What this task involves | Your copy begins at the line with "生ビールとお通し。下 高千穂産トマト。 ただのトマトなのだが、とても美味しかった。 |" and runs through the end of the data below. Set down only those lines exactly, without pictures.

Data shown |
::::::::::

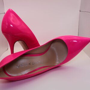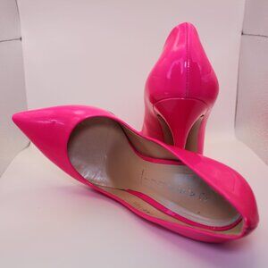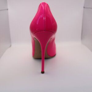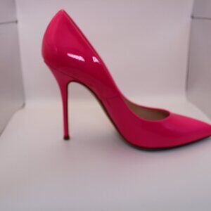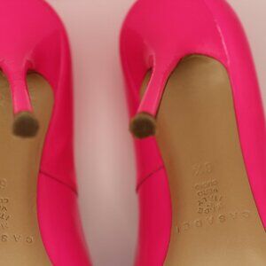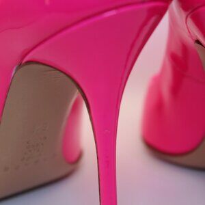 I have these pair of Neon/Pink Casadei high heels, Size is 6 1/2 (6.5), they are slightly worn as you can see in the pictures, There is a little tear on the left heel as you can see in the pictures, Then there is a 2 black/purple marks on the back side of the right heel as you can see in the pictures. The bottom of the shoes shows some wear on them, but they still have a lot of life left in them.
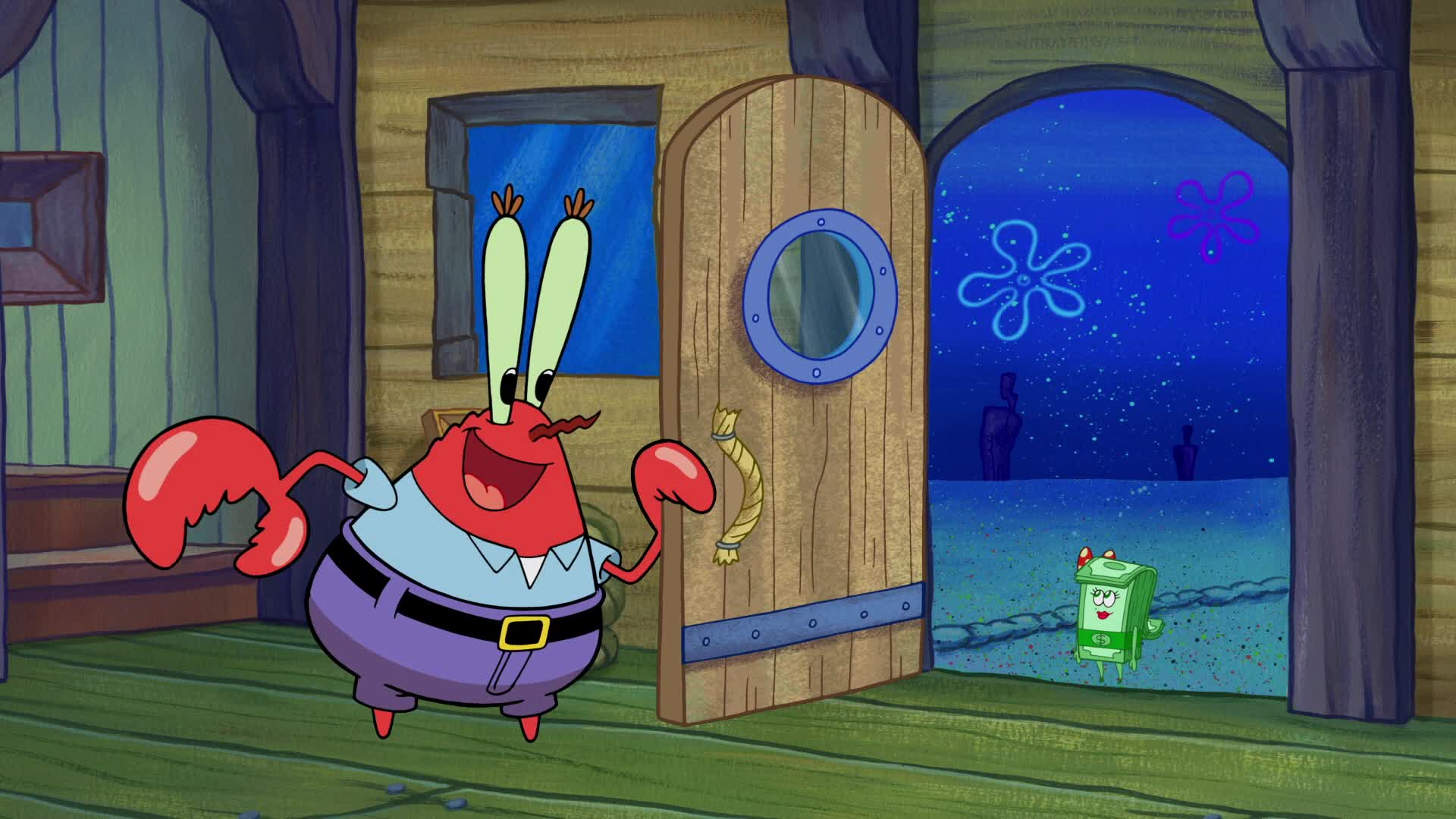 Deep down in the Pacific Ocean in the subterranean city of Bikini Bottom lives a square yellow sponge named SpongeBob SquarePants. SpongeBob lives in a pineapple with his pet snail, Gary, loves his job as a fry cook at the Krusty Krab, and has a knack for getting into all kinds of trouble without really trying. When he's not getting on the nerves of his cranky next door neighbor Squidward, SpongeBob can usually be found smack in the middle of all sorts of strange situations with his best buddy, the simple yet lovable starfish, Patrick, or his thrill-seeking surfer-girl squirrel pal, Sandy Cheeks.
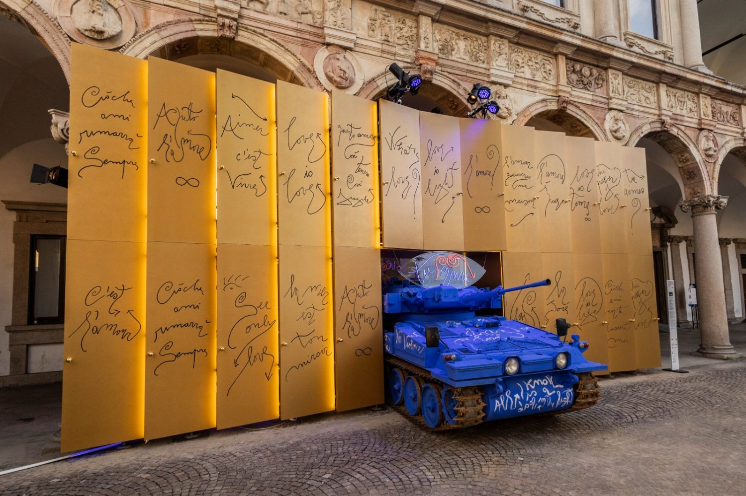 L’opera dell’artista, il cui lavoro vi avevamo presentato qui, raffigura un grande portale, formato da 46 porte verniciate d’oro, le cui superfici sono decorate con versi poetici sui concetti dell’amore. Questo grande sfondo d’oro si fonde con un carro armato dipinto di blu, in una metamorfosi che lo trasforma in un “carro a(r)mato”, non più espressione di guerra. “L’installazione vuole essere un paradosso, una provocazione, dove arte e design si uniscono per portare un messaggio di pace”, sottolinea Celia Stefania Centonze, partner di Ever in Art, società che ha prodotto il concept. “Sulla soglia, spazio reale e metaforico, si svolge infatti una metamorfosi: il portale diventa un varco, un luogo di passaggio verso un mondo migliore, dove l’amore vince la guerra, vince su tutto”.
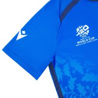 On the chest, the Federation crest patch appears on the left, with the ICC Men’s T20 World Cup logo on the right, while the word ITALY is positioned centrally below in white. The Macron Hero also appears in white on the sleeve. On the outer backneck, the Italian tricolour is printed. On both the front and back of the shirt, along the outer side, a tone-on-tone Renaissance-style floral graphic with a slightly shaded effect completes the design.
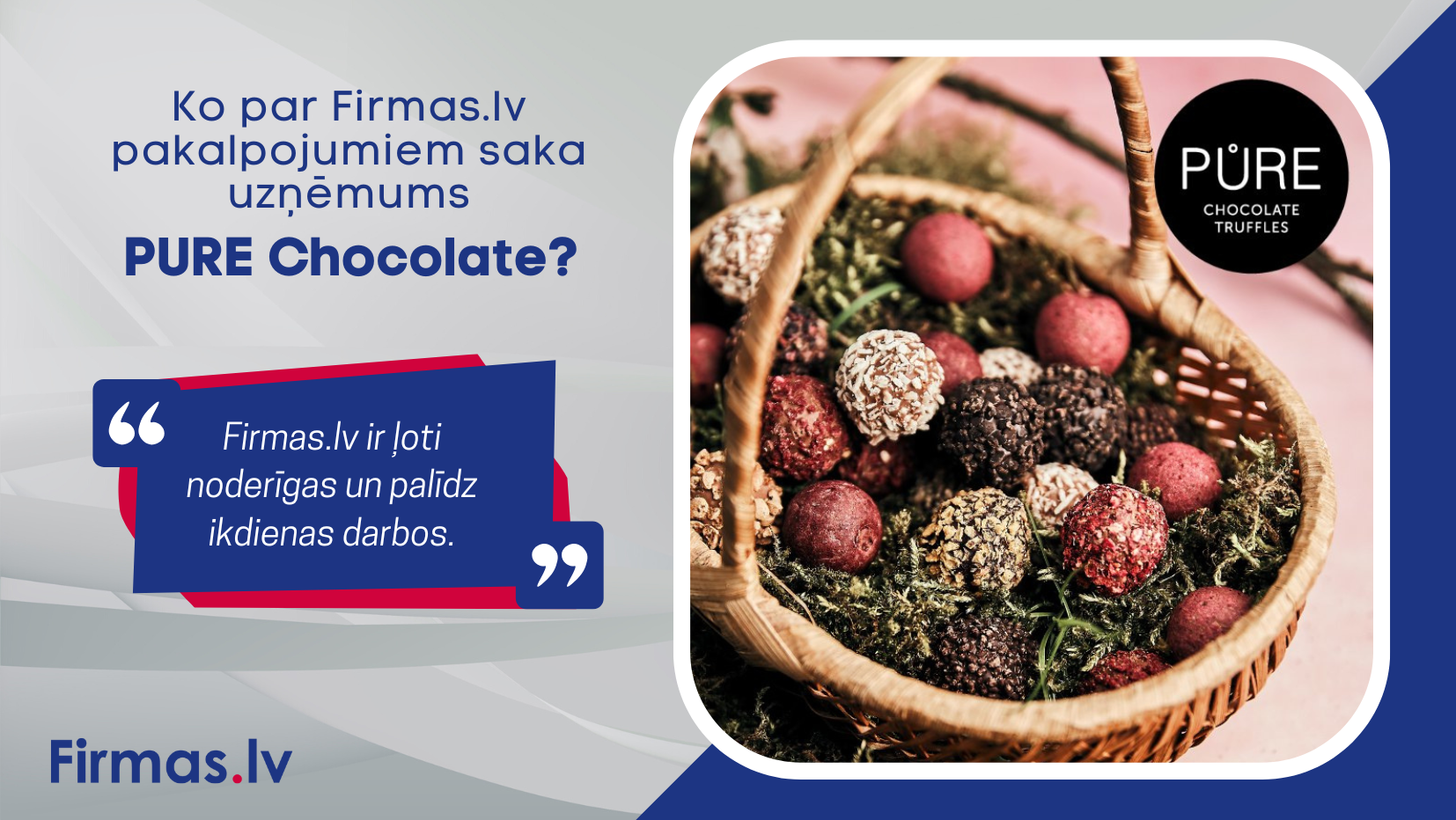 "PURE Chocolate” ir Latvijas saldumu ražotājs, kas darbojas jau vairāk nekā 10 gadus un ir specializējies augstākās kvalitātes trifeļu ražošanā. Uzņēmuma sortimentā ir gan sveramas trifeles, gan trifeļu asortī, trifeļu dāvanu kolekcijas, kā arī dāvanu komplekti tematiskiem svētkiem un korporatīvo dāvanu segments.
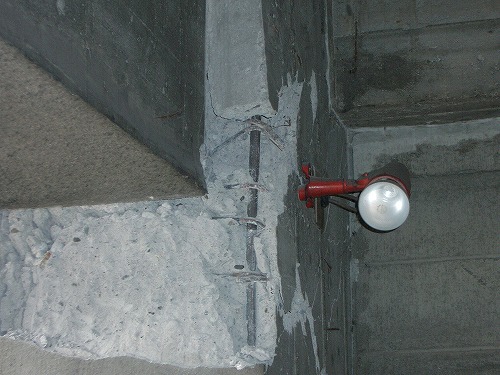 鉄筋は丸鋼.横補強筋が90°フックではずれている.
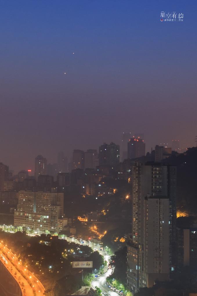 這是2014年8月20日在重慶渝中區拍攝的金(左下)木(右上)極近。(重慶星空攝影愛好者戴建峰 攝)
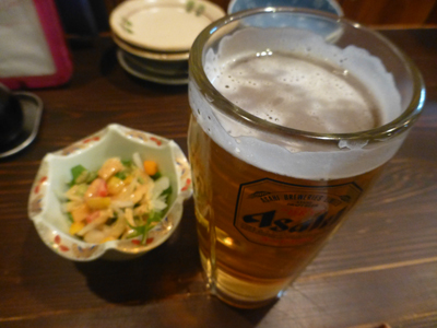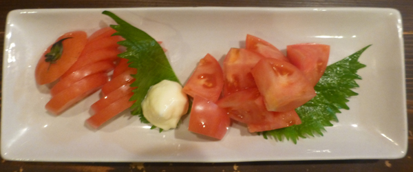 生ビールとお通し。下 高千穂産トマト。 ただのトマトなのだが、とても美味しかった。 |
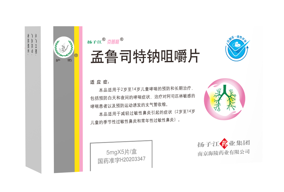【適應(yīng)癥】1.2歲至14歲兒童哮喘的預(yù)防和長期治療,包括預(yù)防白天和夜間的哮喘癥狀,治療對阿司匹林敏感的哮喘患者及預(yù)防運(yùn)動誘發(fā)的支氣管收縮。2.減輕過敏性鼻炎引起的癥狀(2歲至14歲兒童的季節(jié)性過敏性鼻炎和常年性

::::::::::

Response below |
 生ビールとお通し。下 高千穂産トマト。 ただのトマトなのだが、とても美味しかった。 |
【適應(yīng)癥】1.2歲至14歲兒童哮喘的預(yù)防和長期治療,包括預(yù)防白天和夜間的哮喘癥狀,治療對阿司匹林敏感的哮喘患者及預(yù)防運(yùn)動誘發(fā)的支氣管收縮。2.減輕過敏性鼻炎引起的癥狀(2歲至14歲兒童的季節(jié)性過敏性鼻炎和常年性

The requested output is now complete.